Task to complete
From the entries below, report how many lines contain the string "joined". Only the number is wanted.

The data
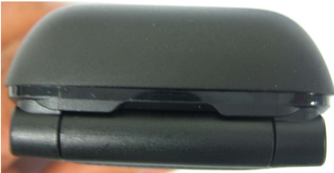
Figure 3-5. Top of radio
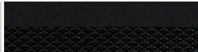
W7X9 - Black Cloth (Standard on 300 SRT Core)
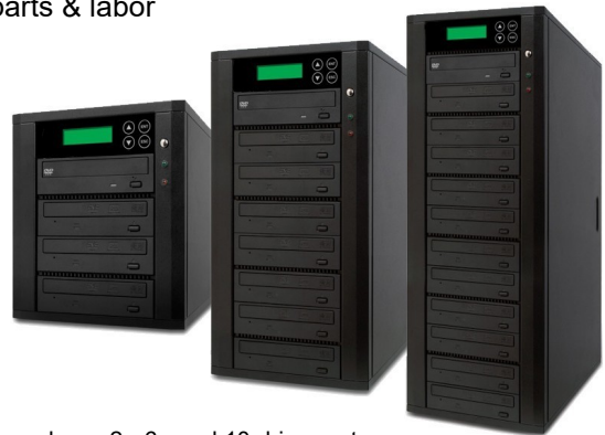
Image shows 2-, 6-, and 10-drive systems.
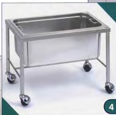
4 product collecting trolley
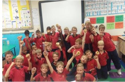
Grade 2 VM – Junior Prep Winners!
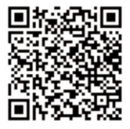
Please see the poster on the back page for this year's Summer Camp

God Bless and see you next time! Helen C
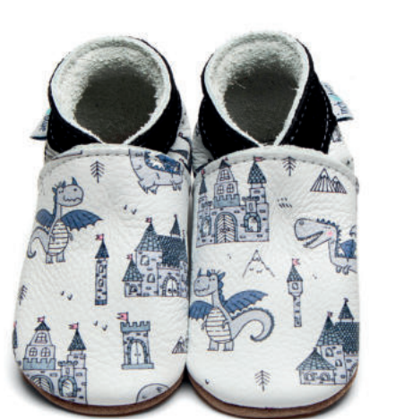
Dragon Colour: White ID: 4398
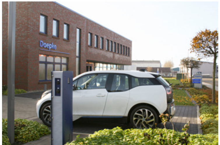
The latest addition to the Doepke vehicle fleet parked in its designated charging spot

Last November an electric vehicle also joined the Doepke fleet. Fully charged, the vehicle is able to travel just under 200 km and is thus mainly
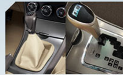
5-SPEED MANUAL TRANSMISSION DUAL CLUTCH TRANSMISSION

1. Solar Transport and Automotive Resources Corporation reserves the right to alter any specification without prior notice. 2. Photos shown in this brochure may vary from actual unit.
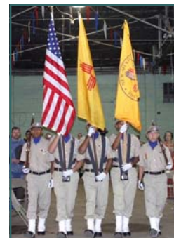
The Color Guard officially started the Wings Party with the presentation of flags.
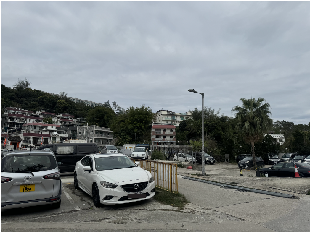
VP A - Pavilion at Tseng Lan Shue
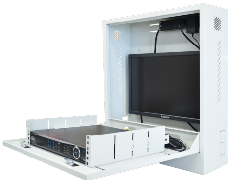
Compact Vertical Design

---

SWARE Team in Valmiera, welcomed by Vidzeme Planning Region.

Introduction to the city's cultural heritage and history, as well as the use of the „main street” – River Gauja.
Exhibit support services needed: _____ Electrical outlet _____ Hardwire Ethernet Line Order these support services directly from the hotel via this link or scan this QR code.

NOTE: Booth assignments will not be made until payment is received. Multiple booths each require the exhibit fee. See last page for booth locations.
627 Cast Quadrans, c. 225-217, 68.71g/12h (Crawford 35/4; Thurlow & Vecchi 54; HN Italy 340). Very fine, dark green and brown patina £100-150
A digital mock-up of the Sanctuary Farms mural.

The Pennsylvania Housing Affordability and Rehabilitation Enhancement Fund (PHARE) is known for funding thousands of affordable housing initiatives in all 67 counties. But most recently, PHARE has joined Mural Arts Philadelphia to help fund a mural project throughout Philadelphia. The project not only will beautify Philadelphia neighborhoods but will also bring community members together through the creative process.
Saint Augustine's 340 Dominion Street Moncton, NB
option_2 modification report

---

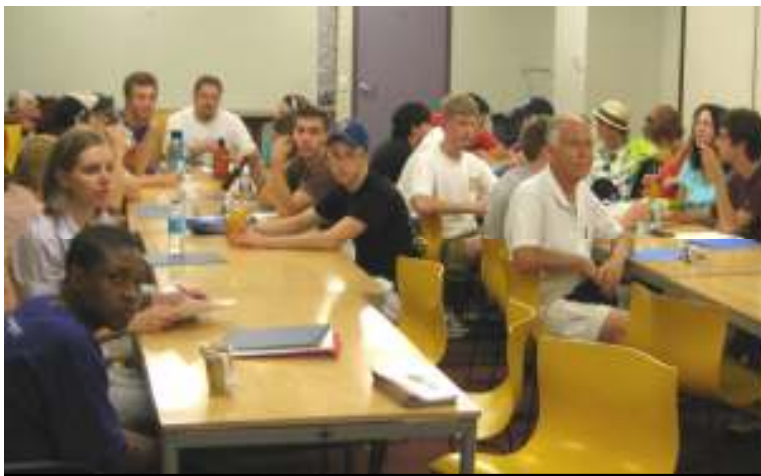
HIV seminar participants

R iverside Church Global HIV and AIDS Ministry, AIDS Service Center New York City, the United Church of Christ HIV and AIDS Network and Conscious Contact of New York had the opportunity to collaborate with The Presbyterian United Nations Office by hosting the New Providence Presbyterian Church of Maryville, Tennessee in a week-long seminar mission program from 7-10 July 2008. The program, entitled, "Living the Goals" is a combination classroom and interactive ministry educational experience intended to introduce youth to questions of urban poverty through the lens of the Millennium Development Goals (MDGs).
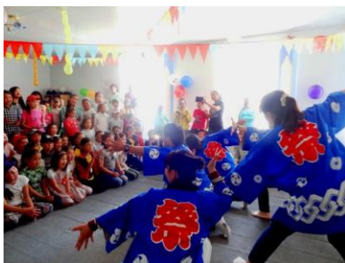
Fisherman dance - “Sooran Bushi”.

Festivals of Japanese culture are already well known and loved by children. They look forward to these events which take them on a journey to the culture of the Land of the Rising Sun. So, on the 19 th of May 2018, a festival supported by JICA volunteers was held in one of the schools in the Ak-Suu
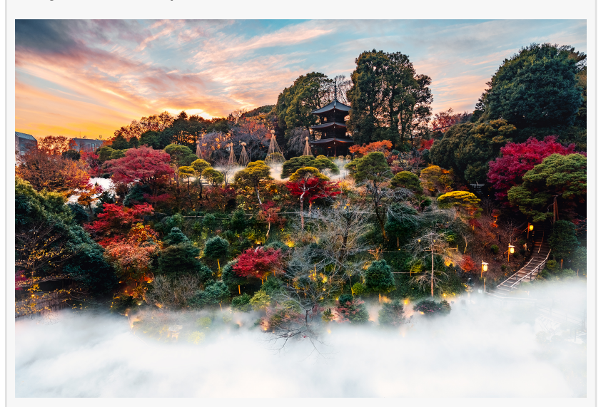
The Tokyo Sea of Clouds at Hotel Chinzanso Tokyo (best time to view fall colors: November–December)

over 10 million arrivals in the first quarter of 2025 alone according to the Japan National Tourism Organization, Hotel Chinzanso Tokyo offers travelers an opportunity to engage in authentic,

Result for this exercise
2